After putting my daughter to bed last night, I sat on the couch and watched the Dodgers/Cardinals game. I had a glass of Bulleit Bourbon on one side and a gigantic cat on the other. I sipped the bourbon. I watched some baseball. I skritched the cat.
The Giants not making the playoffs is a bad thing, but there are some benefits. In an alternate reality, the Giants did squeak into the playoffs. I had a chance to interview Alternate Reality Grant for just a bit:
Me: So, how are things?Alternate Reality Me: Oh, just fine.
Me: Just fine?
ARM: A-OK.
Me: You aren't unbelievably nervous or stressed out?
ARM: Nope. I'm cool.
Me: So I'll assume that the huge wet spot on the front of your jeans isn't urine, and that you're not incontinent.
ARM: Nah. That's not urine.
Me: Good.
ARM: I think it's bile. I think I'm urinating bile. It stings. I'm cold. Is it game time? I'm cold. I just want to wrap myself in red-white-and-blue bunting and go to sleep. Will you stay with me? Oh, god, another wave is coming. I need to ride the wave. Here's a spoon. Make sure I don't swallow my tongue. Here comes the wave. Ride the wave. I'm cold.

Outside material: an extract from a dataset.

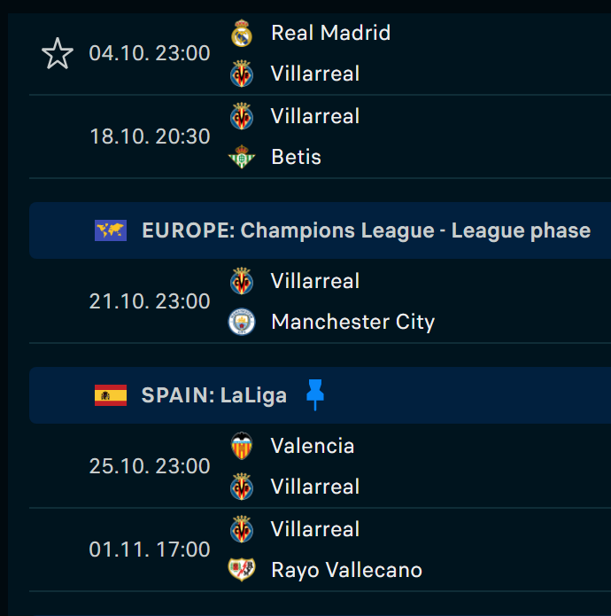 გთავაზობთ "ვილიარეალის" მომდევნო 5 მატჩის კალენდარს.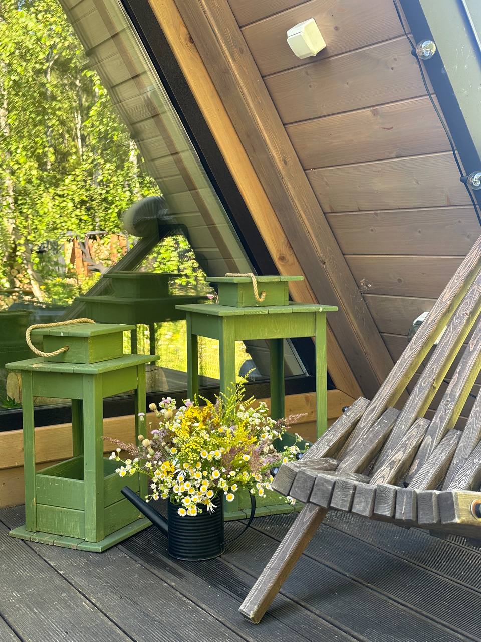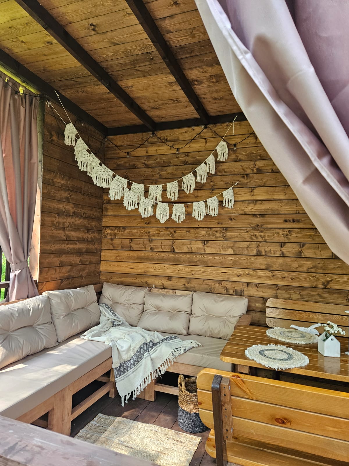 - Есть раскладной столик и винница для праздничных завтраков и романтических ужинов; пледы, в которые можно укутаться и посидеть на патио.

Really, I'm a lot of fun when the Giants make the playoffs. But there's something to, you know, being able to relax.
This period of relaxation allows me to calmly discuss who would be the 2009 playoff goat in that alternate reality. Who would have given us the Candy Maldonado sliding non-catch? Who would have given us the Shawn Estes baserunning magic? Who would have given us the Jose Cruz, Jr. clank of Gold Glove irony? There are a few different directions you could go:
The obvious
Eugenio Velez misjudging a fly ball in the ninth inning. Fred Lewis muffing a fly ball, then stepping on his sunglasses as he tries to pick the ball up. Ryan Garko popping up to shallow left in ten straight appearances with the bases loaded. Bobby Howry allowing walkoff home runs even when the Giants play at home. These kinds of scenarios would be entirely predictable, even if some of the scenarios represent an overblown portion of a player's overall contribution.
The surprise
This is more like the Jose Cruz, Jr. thing. Someone does something well all season, and then stinks up a single play to ruin all of the good that preceded it. Tim Lincecum walking seven in three innings. Pablo Sandoval hitting into a double play every time he comes up with runners on base. An error by Travis Ishikawa after he comes into the game as a defensive replacement.
The Barry Zito
Somehow, the stars align to get Zito the start of the fifth game of the Divisional Series. He pitches like the Zito of old. Not old-old, like when he won the Cy Young, but new-old, like when he started with the Giants. Certainly not new-new, which is more like old-new, and we're all fine with that Zito. I forget where this is going, but no matter how well Zito pitches for the Giants in a given year, if he gets knocked around in a crucial playoff start, all we'd hear that offseason is "$126 million! $126 million!"
The ultimate humiliation
Scrapping through the Divisional Series and the NLCS to get to the World Series...only to get manhandledly swept by the Yankees. That isn't a real word yet, but it would have entered the lexicon after a four-game romp that would have made 1989 look like a collection of nail-biters. There isn't a current adverb that could really get across a 34-2 series run differential. Manhandedly would have done nicely, though.
The ultimate pain
Losing to the Dodgers in the NLCS. On a walk-off home run by Andre Ethier. With Russell Martin on base. Who got there after a blown call at first with two outs in the ninth in Game Seven with the Giants up by one. I mean, use your imagination, folks. This could have been an all-time, give-up-baseball-for-needlepoint kind of season.
So this is an Open Sour Grapes Post. How would the Giants have broken your heart in the 2009 playoffs? Because they wouldn't have won the World Series. Definitely not. There wasn't a chance. And I bet those grapes I can't reach are totally sour. Like, yuck. My cheeks are puckering just thinking about them.